Betrachtung über Offenbarung (Synopsis)

Bezüglich der Apostel Petrus und Paulus sagt uns die Schrift, dass wir den einen als den Apostel der Beschneidung, den anderen als den der Nationen zu betrachten haben. Als die Jünger zerstreut wurden, blieben Petrus und die anderen Apostel in Jerusalem zurück und setzten das Werk fort, das Christus unter dem Überrest Israels begonnen hatte, indem sie die verlorenen Schafe aus dem Hause Israel zu einer Versammlung hier auf Erden sammelten (obwohl Gott darüber wachte, dass die Einheit aufrechterhalten blieb). Der Dienst, den Paulus empfing, hatte einerseits die Versammlung Gottes, andererseits die Verkündigung des Evangeliums an die ganze Schöpfung, die unter dem Himmel ist (Kol 1), zum Gegenstand. Er legte als ein weiser Baumeister den Grund. Petrus stellt uns als Pilgrime dar, die, dem auferstandenen Christus nachfolgend, sich auf dem Wege zu dem Erbteil droben befinden. Bei Paulus begegnen wir (z. B. in Phil 3) zwar auch derselben Art der Darstellung; wenn er aber seine Lehre völlig entwickelt, so zeigt er uns die Heiligen als in Christo in den himmlischen Örtern sitzend und als Erben alles dessen, was Ihm Selbst erblich gehört. So entsprach es der Verschiedenheit der Verwaltungen, die den beiden Männern übertragen waren, und ist für uns voll von Belehrung. Johannes nimmt eine ganz andere Stellung ein. Er hat es mit keiner Verwaltung zu tun. Wohl erwähnt er einige Male in seinem Evangelium (wie in Joh 13,1; 14,1; 17,24; 20,17) die Aufnahme des Herrn sowie die der Heiligen in den Himmel als Tatsache, aber er betrachtet weder die letzteren noch selbst den Herrn als im Himmel befindlich. Für ihn ist Jesus eine göttliche Person, das fleischgewordene Wort, Der, welcher Gott und den Vater kundmacht, das auf die Erde herabgekommene ewige Leben. Der 1. Brief des Johannes behandelt die Frage unseres Teilhabens an diesem Leben und beschreibt die Charakterzüge desselben.

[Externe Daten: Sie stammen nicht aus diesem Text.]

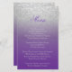 Cena / Menú almuerzo. Purpurina Púrpura y Plata del Día de la Boda Moderna. Productos coincidentes disponibles: 📌 Si necesita una mayor personalización, haga clic en el botón "Haga clic para más Personalizares" o "Personalizar o Editar diseño" y utilice nuestra herramienta de diseño para cambiar el tamaño, rotar, cambiar el color del texto, agregar texto y mucho más. ⭐ Este producto es un Personalizable del 100%. Los gráficos y / o el texto pueden ser agregados, borrados, movidos, cambiados de tamaño, rotados, etc... ⭐ el 99% de mis diseños en mi tienda se hacen en capas. Esto facilita el redimensionar y mover los gráficos y el texto para que encajen perfectamente en cada producto. 📌 (Asegúrese de cambiar el tamaño o mover los gráficos si fuera necesario antes de realizar el pedido) También puede "TRANSFER DESIGN" en otros productos de Zazzle y ajustar el diseño para que se ajuste a la mayoría de los artículos de Zazzle. (el botón está en el lado derecho de la página) Este diseño está hecho con vectores de alta resolución y/o gráficos digitales para una impresión profesional. NOTA 📌: (ESTA ES UNA IMPRESIÓN. Todos los diseños de Zazzle son "impresiones" a menos que se indique lo contrario en "Acerca de este producto" en el lado izquierdo de esta página) El diseño se imprimirá "EXACTAMENTE" como lo ves en la pantalla y en el producto...por lo tanto, asegúrese de que cuando realice sus cambios en el redimensionamiento de cualquiera de los gráficos o textos que encaja correctamente en las áreas y que su ortografía y su redacción sean como le gusta que sea en tamaño, color y fuente. Si tiene alguna pregunta sobre el "DISEÑO ÚNICAMENTE" o necesita ayuda, por favor contacte conmigo en ✉ siggyscott@comcast.net o visite el enlace de mi tienda: https://www.zazzle.com/store/designsbydonnasiggy (Copiar y Pegar) Estaré encantado de ayudar. 📌 TODAS LAS OTRAS PREGUNTAS (envío, reembolso, impresión no es correcta, el producto en sí, etc...) por favor contacte con Zazzle o el Maker ⭐ DIRECTAMENTE ⭐. Gracias por el apoyo y por parar por mi tienda - DesignsbyDonnaSiggy. © Donna Siegrist ⭐ ⭐ ⭐ ZAZZLE promete 100% de satisfacción. Si no te gusta absolutamente, ¡Zazzle se lo llevará de vuelta! ⭐ ⭐ ⭐ 1-888-8ZAZZLE (1-888-892-9953) Horas de teléfono: Lunes - Viajero: 9AM - 5PM PT (12PM - 8PM ET)

Am Schluss des Evangeliums Johannes jedoch gibt Christus, nachdem Er von der auf Seinen Weggang folgenden Sendung des Sachwalters geredet hat, Seinen Jüngern (wenn auch in geheimnisvoller Weise) Aufschluss über die Fortsetzung der Handlungen Gottes mit der Erde. Damit hat es der Dienst des Johannes zu tun, indem er die Offenbarwerdung Christi auf Erden bei Seinem ersten Kommen mit Seiner Offenbarwerdung bei Seinem zweiten Kommen in Verbindung bringt. Christi Person und das ewige Leben in Ihm bilden hierbei das unveränderlich Bestehende, volle Sicherheit Gewährende, den lebendigen Samen Gottes, der bleibt, wenn hinsichtlich der göttlichen Verwaltungen alles verderbt ist und sich in einem Zustand der Zerrüttung und des Verfalls befindet. Mag äußerlich auch alles in Verwirrung geraten, das ewige Leben bleibt immer unveränderlich dasselbe.

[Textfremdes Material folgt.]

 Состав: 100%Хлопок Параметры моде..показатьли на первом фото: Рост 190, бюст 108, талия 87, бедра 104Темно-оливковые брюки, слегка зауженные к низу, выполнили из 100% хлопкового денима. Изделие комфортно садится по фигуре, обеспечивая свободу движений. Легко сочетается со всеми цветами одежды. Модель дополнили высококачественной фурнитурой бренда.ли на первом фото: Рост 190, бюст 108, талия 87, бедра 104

Im Blick auf diese Dinge bildete die Zerstörung Jerusalems ein Ereignis von einschneidender Bedeutung, indem die jüdische Versammlung, die als solche am Pfingsttage gebildet worden war, von da ab zu bestehen aufhörte; eigentlich war das schon früher geschehen, nur wurde die Tatsache, der besiegelnde gerichtliche Akt, da erst vollzogen. An die Christen war zuvor der Warnungsruf ergangen, aus dem Lager hinauszugehen. Der Bruch zwischen Christentum und Judentum war vollständig geworden. Christus konnte in der aus dem jüdischen Überrest gebildeten Versammlung nicht länger den Sitz Seiner künftigen Herrschaft auf Erden erblicken 1.

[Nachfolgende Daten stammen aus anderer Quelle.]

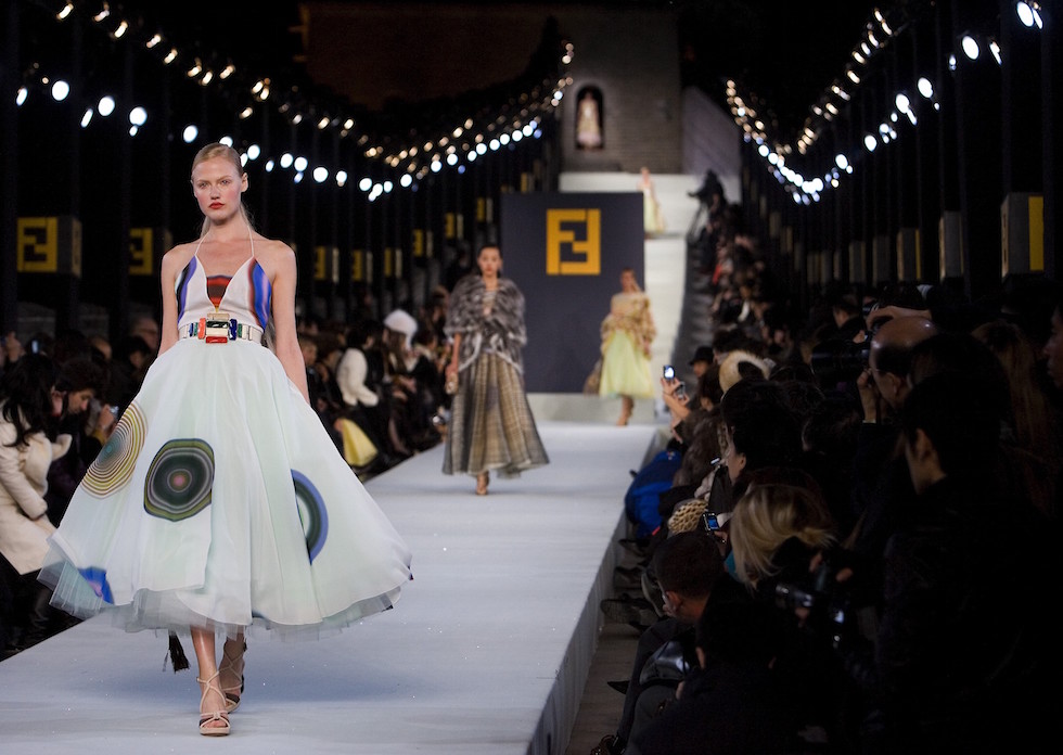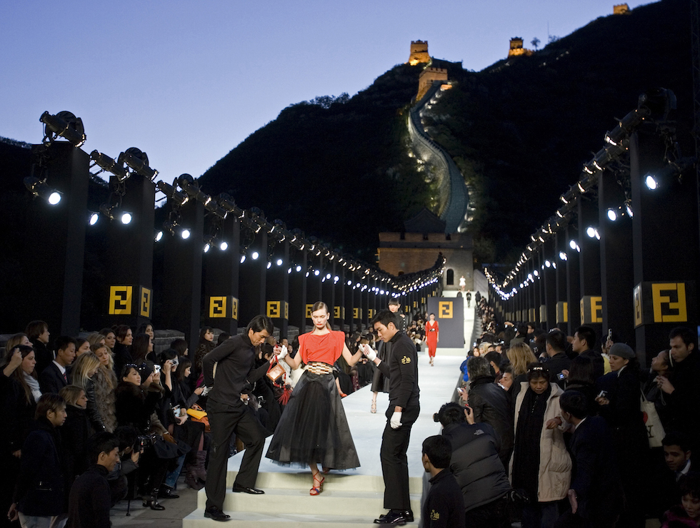 Per presentare la collezione primavera-estate 2008, Fendi organizzò una sfilata lungo la Grande muraglia cinese, a circa 90 minuti in automobile da Pechino, che si tenne il 19 ottobre 2007. Fu un vero e proprio spettacolo, anche perché la collezione era già stata presentata tre settimane prima a Milano. Sfilarono 88 modelle perché in Cina l’8 è considerato il numero della prosperità, e si pensa porti fortuna. L’evento costò circa 9 milioni di euro.

Aber ach! die Versammlung, wie sie unter dem Dienst des Paulus entstanden war, hatte ebenfalls schon ihren ersten Zustand verlassen; sie war in keinem Sinne fähig, das Erbe, dessen Israel sich verlustig gemacht hatte, anzutreten. „Alle suchen das Ihrige“, schreibt Paulus, „nicht das, was Jesu Christi ist.“ Alle, die in Asien sind - also Ephesus, die geliebte Stätte, wo alle, die in Asien wohnten, das Wort Gottes gehört hatten -, hatten sich von ihm abgewandt. Die, welche in besonderer Weise mit vollem Verständnis in die Stellung der Versammlung eingeführt worden waren, hatten diesen Platz nicht in der Kraft des Glaubens behaupten können. Ja, schon vorher war das Geheimnis der Gesetzlosigkeit wirksam, und es sollte weiter um sich greifen und zunehmen, bis das, was den gänzlichen Abfall noch aufhielt, beseitigt sein würde.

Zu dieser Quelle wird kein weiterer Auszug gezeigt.